Please repeat your tests while running this dtrace command: sudo dtrace -i 'fbt:fusefs:fuse_vnop_advlock:entry {printf("dataflags=%#x, flags=%#x", ((struct fuse_data*)(args[0]->a_vp->v_mount->mnt_data))->dataflags, args[0]->a_flags);}' In the output, look for bit 0x2000 (FSESS_POSIX_LOCKS) in the dataflags field. If it's not set, then the locks are being handled locally rather than in the FUSE server. Also, look for bit 0x20 (F_FLOCK) in the flags field. If it _is_ set, then the locks are also being handled locally rather than in the FUSE server. When I run your test script with sshfs, I see that FSESS_POSIX_LOCKS is unset and F_FLOCK is set, on both 13.0-RELEASE and 14.0-CURRENT.

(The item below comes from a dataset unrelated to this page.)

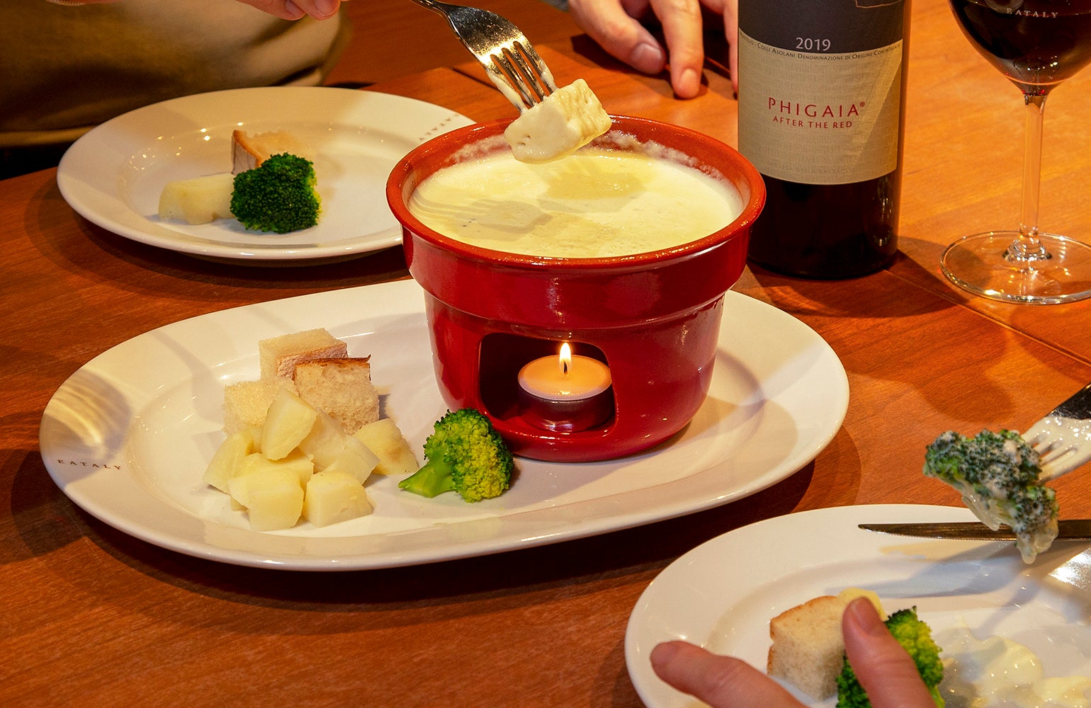 冬の寒い時期に囲みたくなる温かいチーズ料理。イータリーのレストランで提供している「フォンドゥータ・アイ・クワットロ・フォルマッジ(4種のチーズを使ったフォンドゥータ)¥1,480」をご自宅でも。

(In reply to Alan Somers from comment #13) It looks like FuseFS locks are not being used on FreeBSD 12.2, 13.0 or 13.0 with the patch from https://bugs.freebsd.org/bugzilla/show_bug.cgi?id=253500. That begs the question as to why FLOCK works on 12.2, but not on 13 without the patch? FreeBSD 13 using MooseFS and flock-test.sh with the patch from https://bz-attachments.freebsd.org/attachment.cgi?id=222867. Test ran twice. dtrace: description 'fbt:fusefs:fuse_vnop_advlock:entry ' matched 1 probe CPU ID FUNCTION:NAME 8 74373 fuse_vnop_advlock:entry dataflags=0x13014,flags=0x20 22 74373 fuse_vnop_advlock:entry dataflags=0x13014,flags=0x20 3 74373 fuse_vnop_advlock:entry dataflags=0x13014,flags=0x20 8 74373 fuse_vnop_advlock:entry dataflags=0x13014,flags=0x20 FreeBSD 13 using MooseFS and flock-test.sh. No patch. Test ran twice. dtrace: description 'fbt:fusefs:fuse_vnop_advlock:entry ' matched 1 probe CPU ID FUNCTION:NAME 3 74415 fuse_vnop_advlock:entry dataflags=0x13014,flags=0x20 6 74415 fuse_vnop_advlock:entry dataflags=0x13014,flags=0x20 10 74415 fuse_vnop_advlock:entry dataflags=0x13014,flags=0x20 9 74415 fuse_vnop_advlock:entry dataflags=0x13014,flags=0x20 FreeBSD 12.2 using MooseFS and flock-test.sh. Test ran twice. dtrace: description 'fbt:fuse:fuse_vnop_advlock:entry ' matched 1 probe CPU ID FUNCTION:NAME 2 69829 fuse_vnop_advlock:entry dataflags=0x13014,flags=0x20 14 69829 fuse_vnop_advlock:entry dataflags=0x13014,flags=0x20 17 69829 fuse_vnop_advlock:entry dataflags=0x13014,flags=0x20 10 69829 fuse_vnop_advlock:entry dataflags=0x13014,flags=0x20 Note: I had to alter the dtrace command to reflect fuse instead of fusefs for FreeBSD 12. I hope this is correct: dtrace -i 'fbt:fuse:fuse_vnop_advlock:entry {printf("dataflags=%#x,flags=%#x", ((struct fuse_data*)(args[0]->a_vp->v_mount->mnt_data))->dataflags,args[0]->a_flags);}' Just for fun, here's the test run using SSHFS instead of MooseFS. This corresponds to your test. Freebsd 13 using sshfs and flock-test.sh. No patch. Test ran twice. dtrace: description 'fbt:fusefs:fuse_vnop_advlock:entry ' matched 1 probe CPU ID FUNCTION:NAME 0 82246 fuse_vnop_advlock:entry dataflags=0x11004,flags=0x20 4 82246 fuse_vnop_advlock:entry dataflags=0x11004,flags=0x20 0 82246 fuse_vnop_advlock:entry dataflags=0x11004,flags=0x20 7 82246 fuse_vnop_advlock:entry dataflags=0x11004,flags=0x20
Adding to it, here's testing SSHFS on FreeBSD 12.2. Using the flock-test.sh script and running it twice. dtrace: description 'fbt:fuse:fuse_vnop_advlock:entry ' matched 1 probe CPU ID FUNCTION:NAME 14 69790 fuse_vnop_advlock:entry dataflags=0x11004,flags=0x20 15 69790 fuse_vnop_advlock:entry dataflags=0x11004,flags=0x20 21 69790 fuse_vnop_advlock:entry dataflags=0x11004,flags=0x20 23 69790 fuse_vnop_advlock:entry dataflags=0x11004,flags=0x20
So bug 253500 seems like red herring. We need to find the real cause of the error. Are you proficient with dtrace?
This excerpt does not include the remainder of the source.